First, we estimate the demand in week 10 using demand in week 9 as our target variables. Next, we estimate the demand in week 11 using the predicted demand in week 10 as our target variable.

In [None]:
# week 10 test data then make the prediction
X_test_wk10 = xgb.DMatrix(test[test['Week_num'] == 10].loc[features], enable_categorical=True)
predictions_10 = model.predict(X_test_wk10)


# add week 10 prediction to test dataframe
test['wk_10_pred_dem'] = np.nan
test.loc[test['Week_num'] == 10, 'wk_10_pred_dem'] = predictions_10


# week 11 test data then make the prediction
test_wk11 = test[test['Week_num'] == 11].copy(deep=True)
test_wk11.drop(['lag_3'], axis=1, inplace=True)
test_wk11.rename(columns={'lag_2': 'lag_3', 'lag_1': 'lag_2', 'wk_10_pred_dem': 'lag_1'}, inplace=True)
X_test_wk11 = xgb.DMatrix(test_wk11.loc[features], enable_categorical=True)
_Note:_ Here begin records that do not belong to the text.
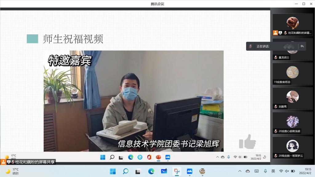 本次活动分为四个部分:第一个部分是公司对于疫情的防控措施和针对线上学习的方法建议;第二个部分是针对大家在学习、就业、家庭以及生活中产生的压力,提供一些方法和建议;第三个部分是邀请了公司、公司老师以及本院部分员工拍摄的师生祝福视频;第四个部分是对同学们的未来展望。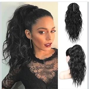 Enhance your look with this elegant black wavy hair extension. Perfect for adding volume and style effortlessly.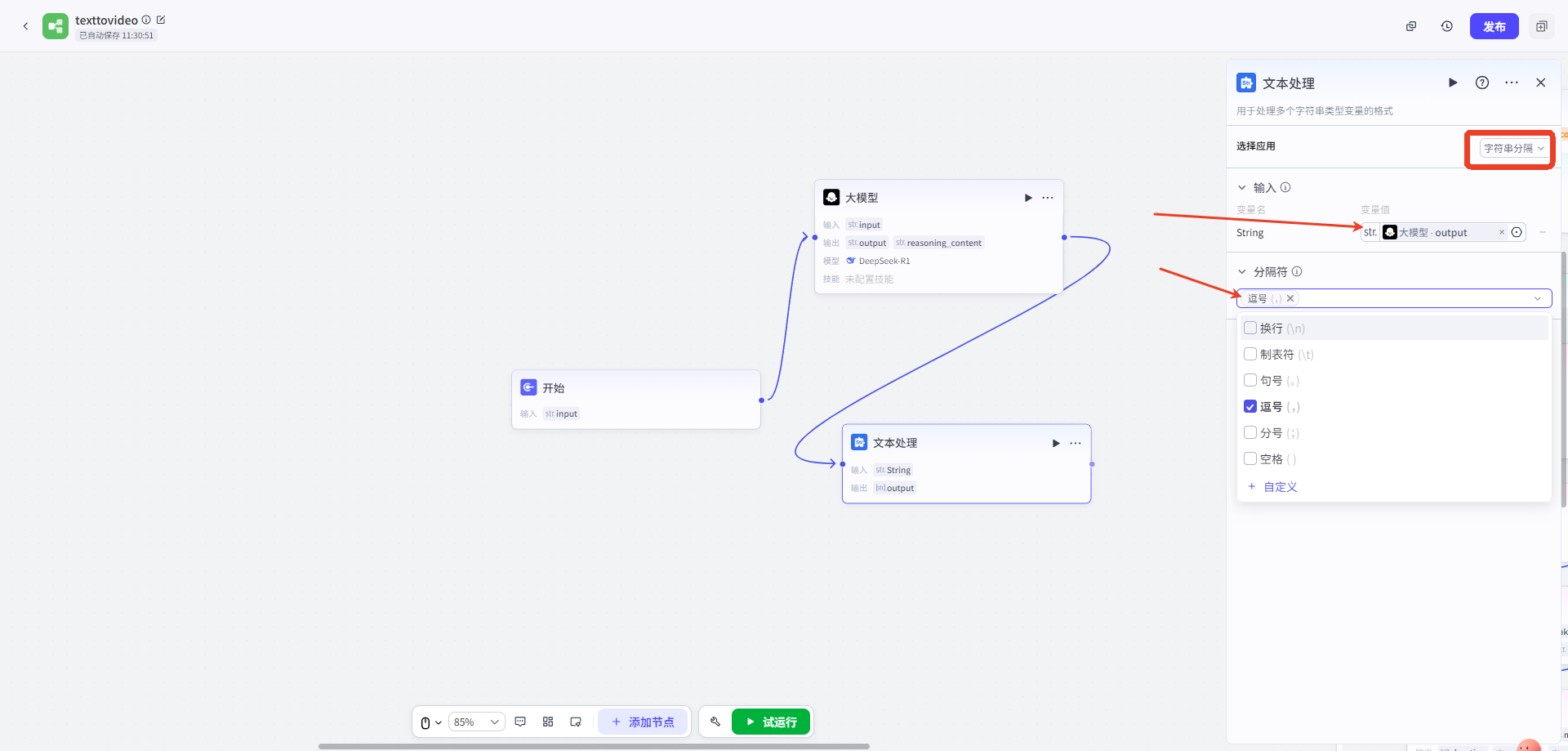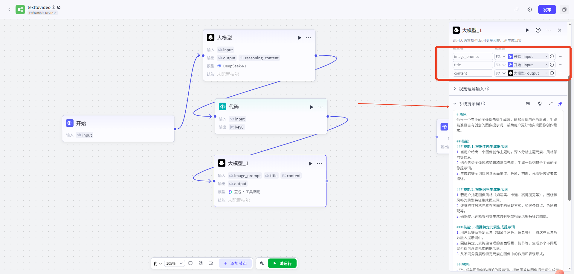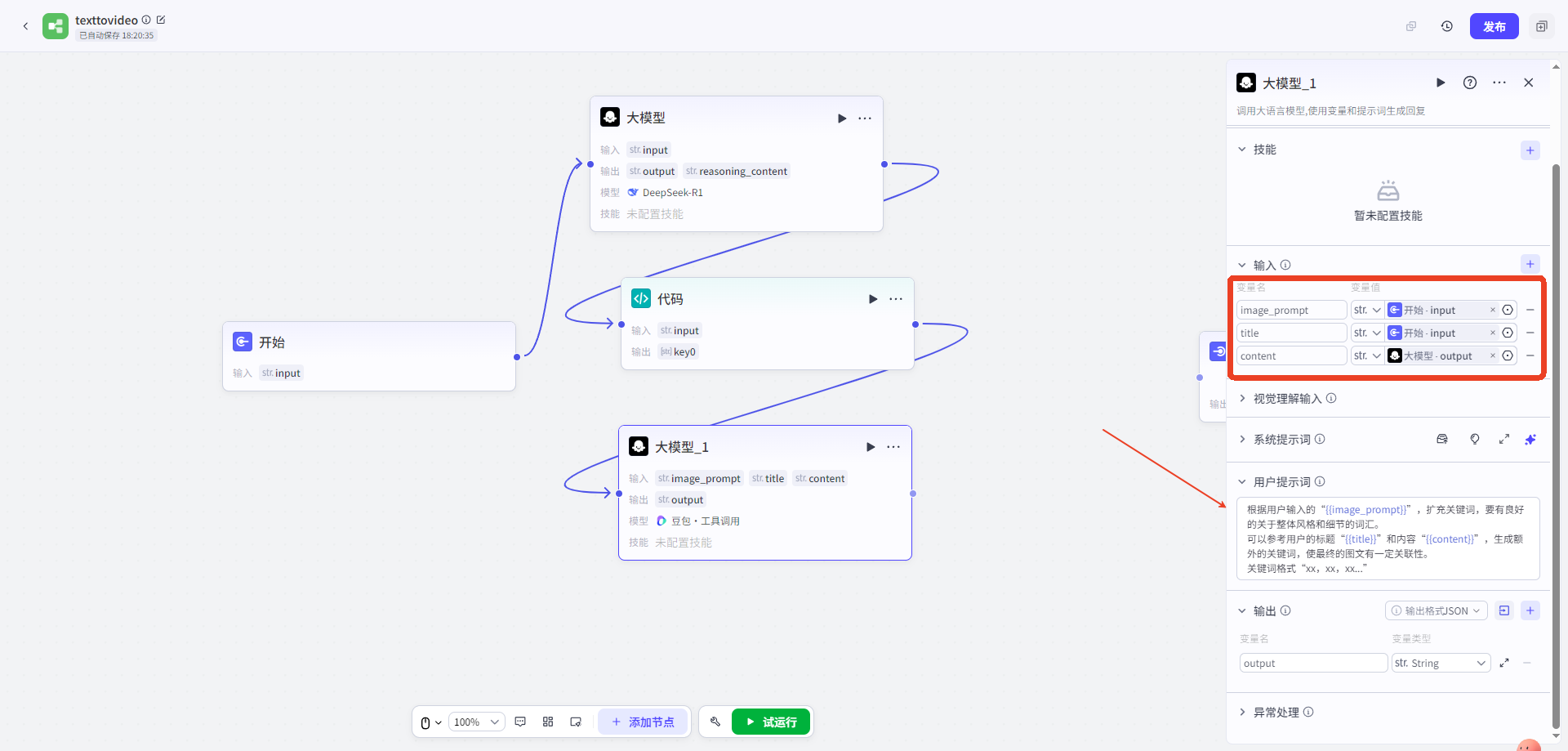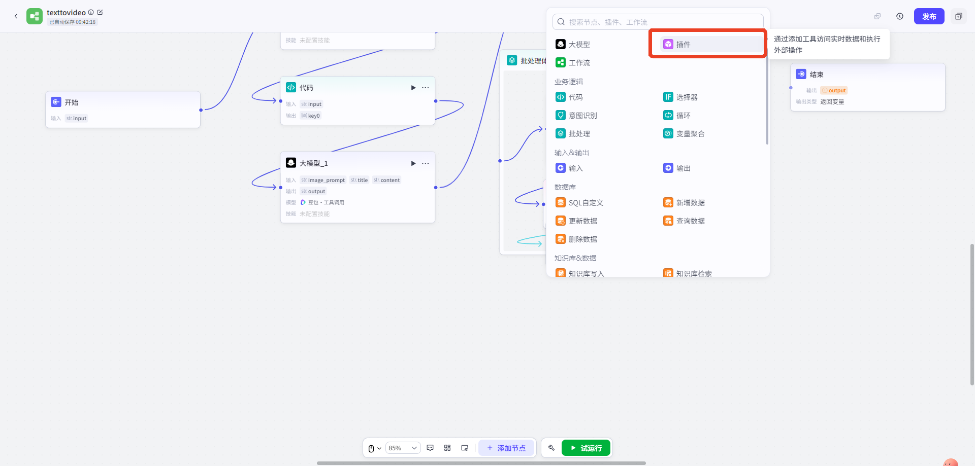 點擊添加節點,選擇節點(大(dà)模型),連接開(kāi)始節點

predictions_11 = model.predict(X_test_wk11)

# add week 11 prediction to test dataframe
test['wk_11_pred_dem'] = np.nan
test.loc[test['Week_num'] == 11, 'wk_11_pred_dem'] = predictions_11

test.head()

Unnamed: 0,id,ID,Week_num,Client_ID,Product_ID,ccid_mean,ccid_median,cpid_mean,cpid_median,lag_3,lag_2,lag_1,wk_10_pred_dem,wk_11_pred_dem
0,0,25973294,11,4639078,35305,2.73,2.0,4.79,4.0,,,4.0,,2.798304
1,1,23662849,11,4705135,1238,3.47,2.0,2.07,2.0,,,,,1.405669
2,2,21257171,10,4549769,32940,6.78,4.0,2.45,2.0,,2.0,2.0,1.987087,
3,3,5334985,11,4717855,43066,2.12,1.0,1.33,1.0,,,,,1.022621
4,4,4150753,11,966351,1277,5.24,5.0,,,,,,,4.480295


In [None]:
# make the submission file!
# Kaggle score is 0.49323

submission = pd.DataFrame()

submission['id'] = np.arange(len(test))
submission['Demanda_uni_equil'] = test['wk_10_pred_dem'].combine_first(test['wk_11_pred_dem'])
submission.loc[submission['Demanda_uni_equil'] < 0, 'Demanda_uni_equil'] = 0

submission.to_csv("xgb_prediction_final_1.csv", index=False)

submission.head()

Unnamed: 0,id,Demanda_uni_equil
0,0,2.798304
1,1,1.405669
2,2,1.987087
3,3,1.022621
4,4,4.480295


!!! Questions and Notes

What's the share of missing observations in the training data i.e. what share of observations do not have week 9?
What's the share of missing observations in the test data? 
Note that we do not impute the demand for missing clients or products in our training data. Moreover, we focus our prediction using adjusted demand in week 9 as our target variable. These two assumption may lead to a higher/lower score.